(Data entries)
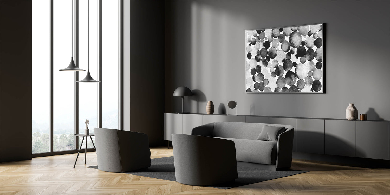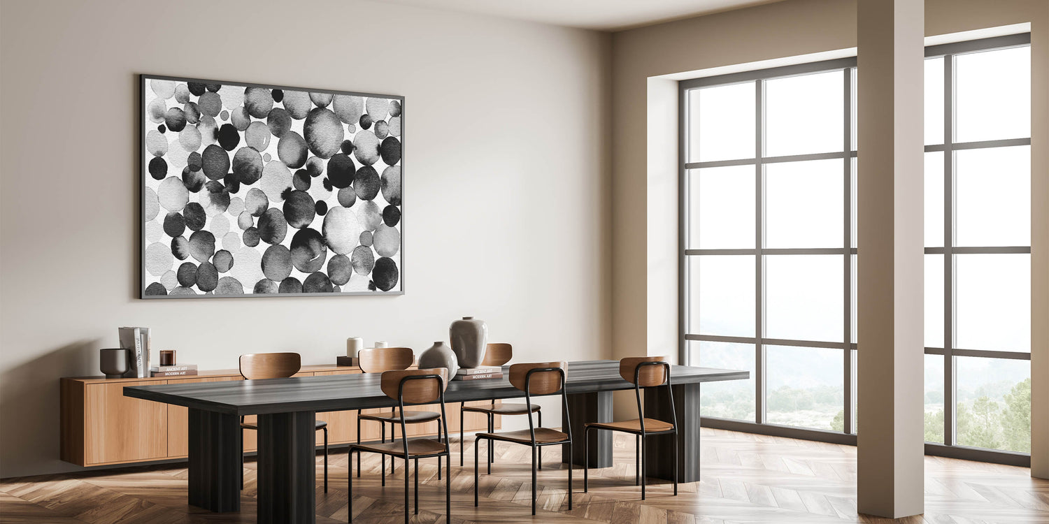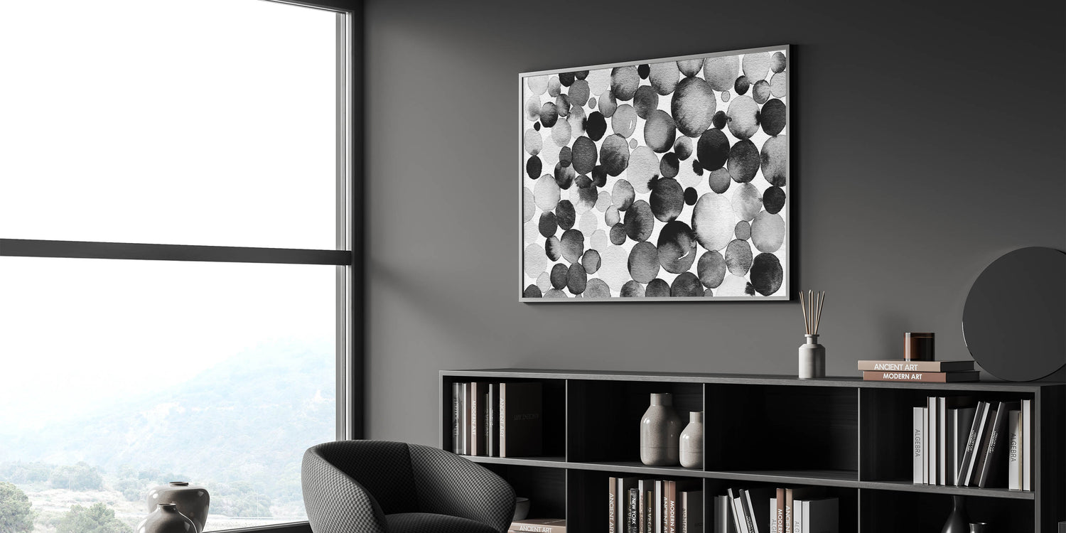 Elevate your home or office decor with this artistic black and white abstract canvas. This unique monochrome design features a captivating pattern of variously sized circles in shades of black and grey, creating a modern and sophisticated visual appeal.
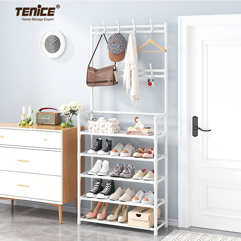 収納玄関コートシューズラックモダンアイアンリビングルーム家具バッグラック寝室用テニスホールツリー3-in-1デザインメタル付き
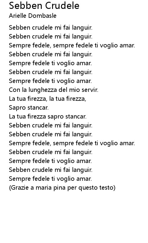 Sebben crudele mi fai languir. |
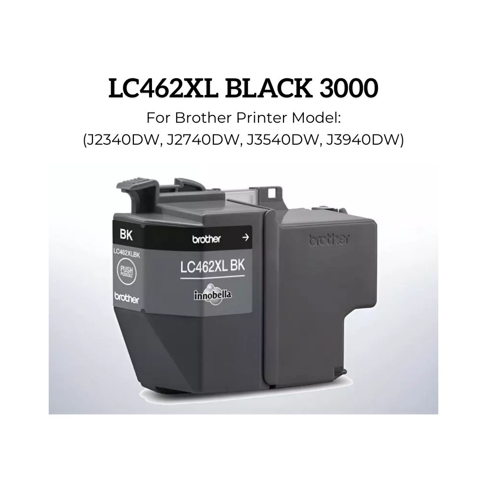 The Brother LC462XL Black ink cartridge is an original high-capacity cartridge designed for consistent, sharp black text output. Compatible with selected Brother inkjet printer models, it offers extended page yield for office efficiency. Consumable item; manufacturer warranty does not apply.
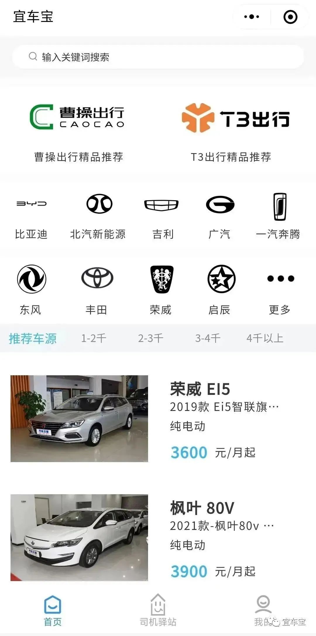 宜车宝,一个深耕网约车行业多年,为许多想开网约车的司机朋友找到了合适的网约车服务平台。宜车宝不仅与T3等各大网约车平台深度合作,还与各平台的城市车辆运营管理公司开展租车合作,微信搜索“宜车宝”小程序,车辆月租金等信息一目了然。
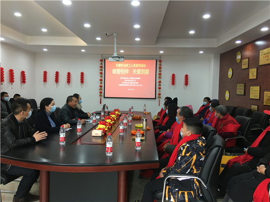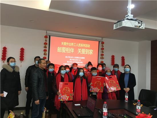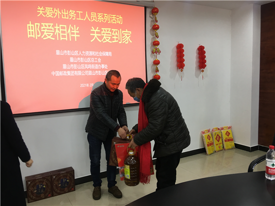 2月4日下午,由彭山区人社局、区邮政公司、区总工会、凤鸣街道办联合举办的主题为“邮爱相伴 关爱到家”亲情连线慰问活动,在彭山邮政分公司举行,8个在外务工农民工家庭留守人员代表应邀到了活动现场。
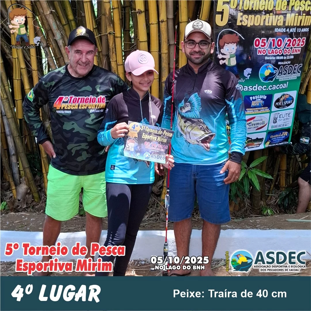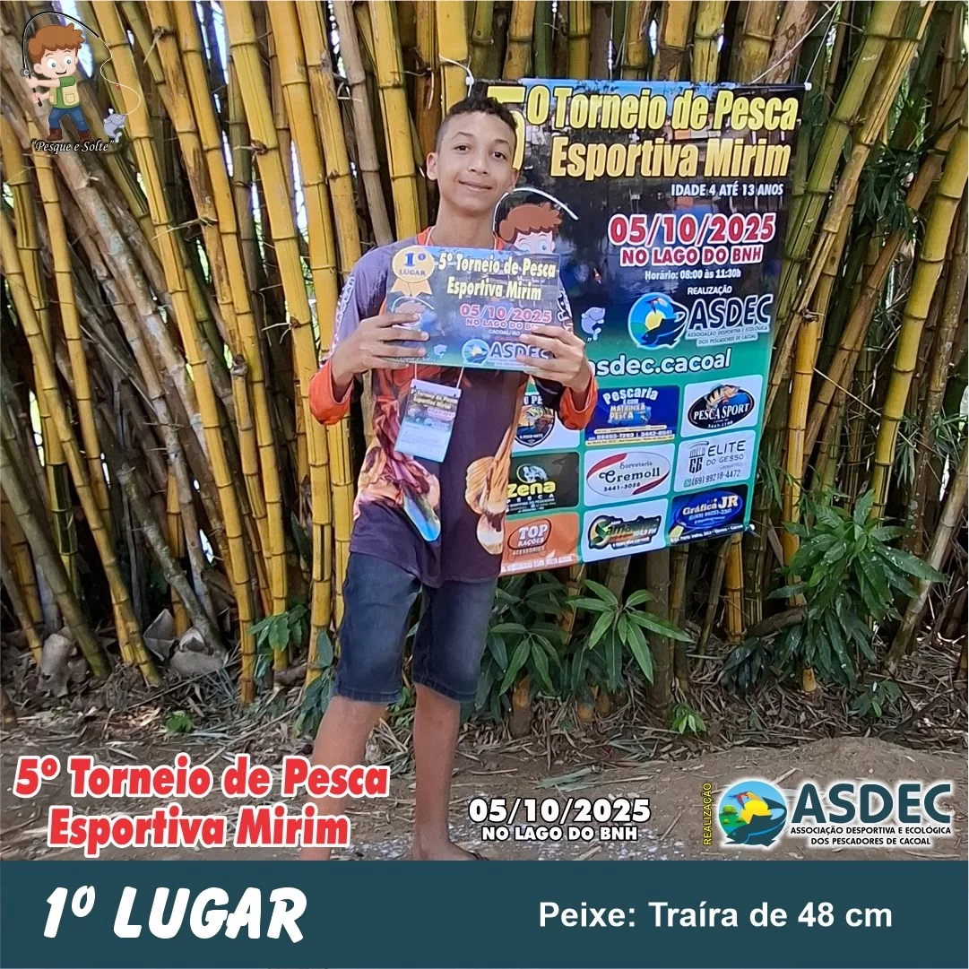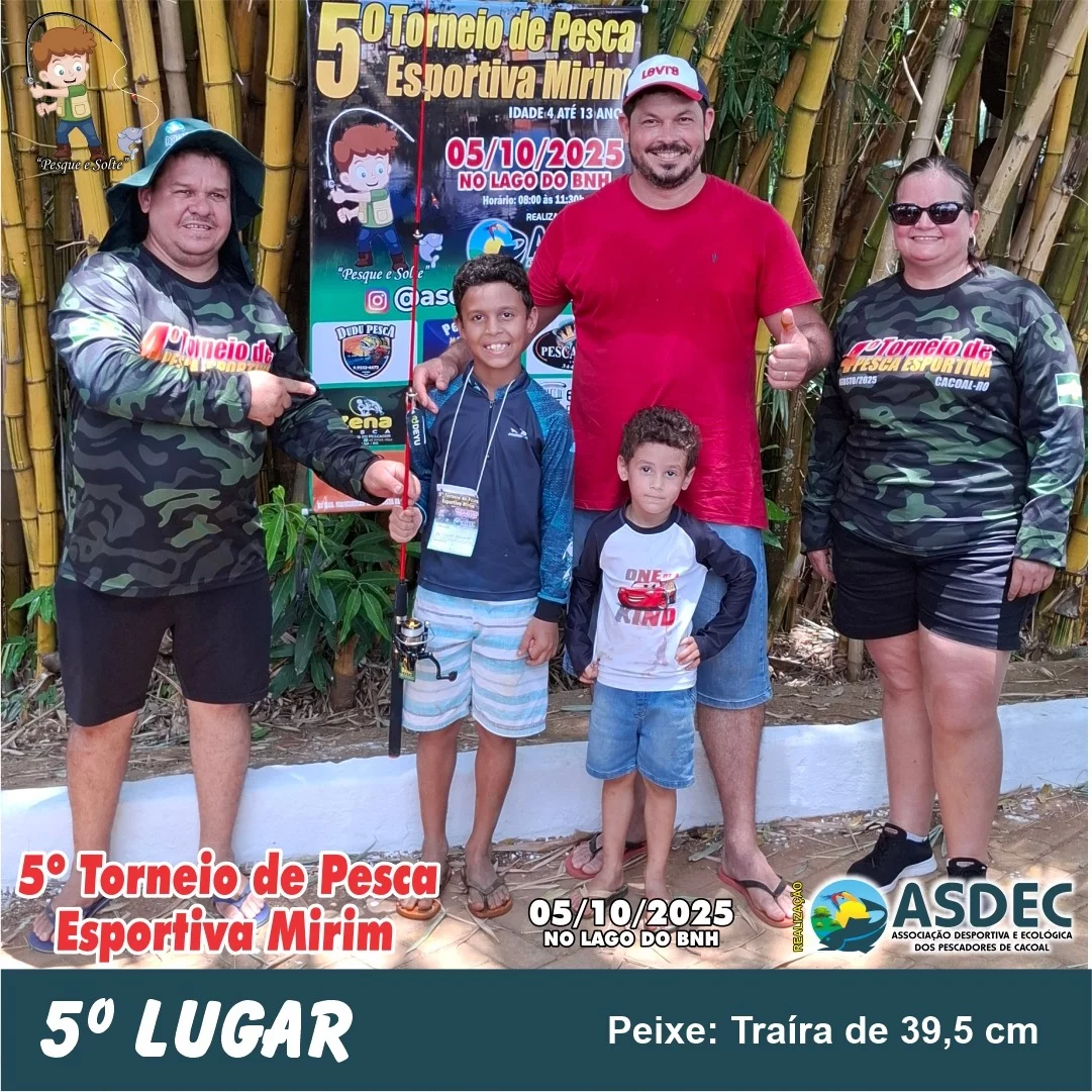 Das 8h às 11h30, os pequenos pescadores mostraram habilidade e concentração em uma disputa marcada pelo equilíbrio técnico. A diferença entre o primeiro e o sexto colocado foi de apenas 9 centímetros, evidenciando o alto nível dos participantes. Luis Hamilton conquistou o primeiro lugar ao fisgar uma traíra de 48 cm, enquanto Felipe Melo, sexto colocado, registrou 39 cm.

(About this task):
All of the entries above must be reproduced exactly, and no image may be included.

(Solution to the exercise):
 Elevate your home or office decor with this artistic black and white abstract canvas. This unique monochrome design features a captivating pattern of variously sized circles in shades of black and grey, creating a modern and sophisticated visual appeal.
 収納玄関コートシューズラックモダンアイアンリビングルーム家具バッグラック寝室用テニスホールツリー3-in-1デザインメタル付き
 Sebben crudele mi fai languir. |
 The Brother LC462XL Black ink cartridge is an original high-capacity cartridge designed for consistent, sharp black text output. Compatible with selected Brother inkjet printer models, it offers extended page yield for office efficiency. Consumable item; manufacturer warranty does not apply.
 宜车宝,一个深耕网约车行业多年,为许多想开网约车的司机朋友找到了合适的网约车服务平台。宜车宝不仅与T3等各大网约车平台深度合作,还与各平台的城市车辆运营管理公司开展租车合作,微信搜索“宜车宝”小程序,车辆月租金等信息一目了然。
 2月4日下午,由彭山区人社局、区邮政公司、区总工会、凤鸣街道办联合举办的主题为“邮爱相伴 关爱到家”亲情连线慰问活动,在彭山邮政分公司举行,8个在外务工农民工家庭留守人员代表应邀到了活动现场。
 Das 8h às 11h30, os pequenos pescadores mostraram habilidade e concentração em uma disputa marcada pelo equilíbrio técnico. A diferença entre o primeiro e o sexto colocado foi de apenas 9 centímetros, evidenciando o alto nível dos participantes. Luis Hamilton conquistou o primeiro lugar ao fisgar uma traíra de 48 cm, enquanto Felipe Melo, sexto colocado, registrou 39 cm.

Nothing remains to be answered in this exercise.